Digital Agora (Simple Tips, Tactics and Strategies Learned the Hard Way)By
When someone spits out a jumble of acronyms, abbreviations and technical terms have you ever scratched your head and wondered what in the world they were talking about? Have you ever wondered if they know themselves? Ask. I do and I’ve found that the ability to give an explanation simply and concisely, is often a good indicator of skill level, if you know what you are doing there is no need to hide behind technical terms or over complicate things.
In my experience, in worst case scenarios this technical doublespeak is used to conceal ineptitude, to spin, distort or hide the truth, at best it’s an indicator of inflexibility and overconfidence in the familiarity of an audience with terms used in a specialized field of knowledge. A wonderful article on the subject can be found here: “Alienating the Audience: How Abbreviations Hamper Scientific Communication” by Andrew H. Hales, Kipling D. Williams and Joel Rector.
Those of you who are familiar with my work know I enjoy playing with words that are the same but have different meanings in different contexts, the word ‘string’ to a physicist has a different meaning entirely than it does to a musician.
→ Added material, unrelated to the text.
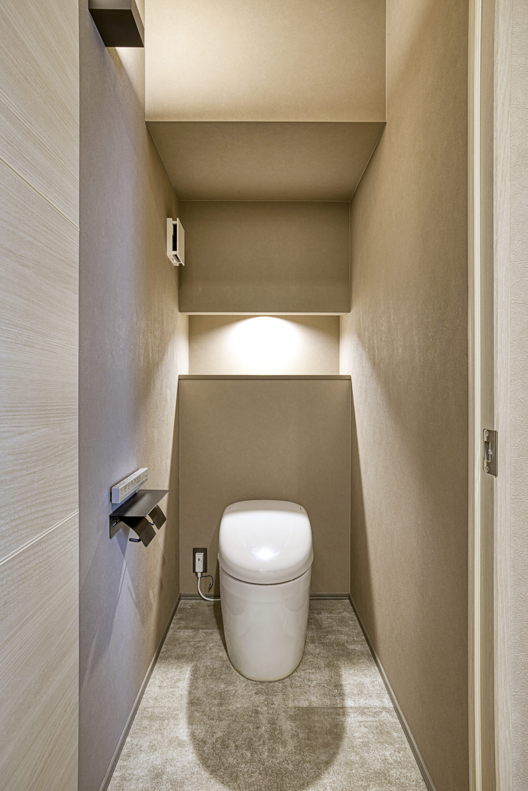 階段下のスペースを有効活用したトイレ。間接照明により、階段下でありながらも、圧迫感のない落ち着いた空間を演出。

This can result in wonderfully humorous (just ask Abbot & Costello) or thought provoking repartee, drawing parallels between seemingly disparate ideas, or demonstrating the extent of misunderstanding possible by showing different perspectives using the same words.
Internet based communication will always be subject to interpretation from the perspective of the reader, unless usage is deliberate, wouldn’t it be better to clarify as much as possible so everyone can understand what we’re trying to say? This holds true as much for evolving fields of technology as it does for business in general.
If there is interest I would like to share my notes translating digital marketing concepts into everyday language with posts under the heading “Digital Agora”.
“Agora” – The ancient Greek word for market and meeting place where tradesmen and artisans come together to sell their work and discuss the news of the day.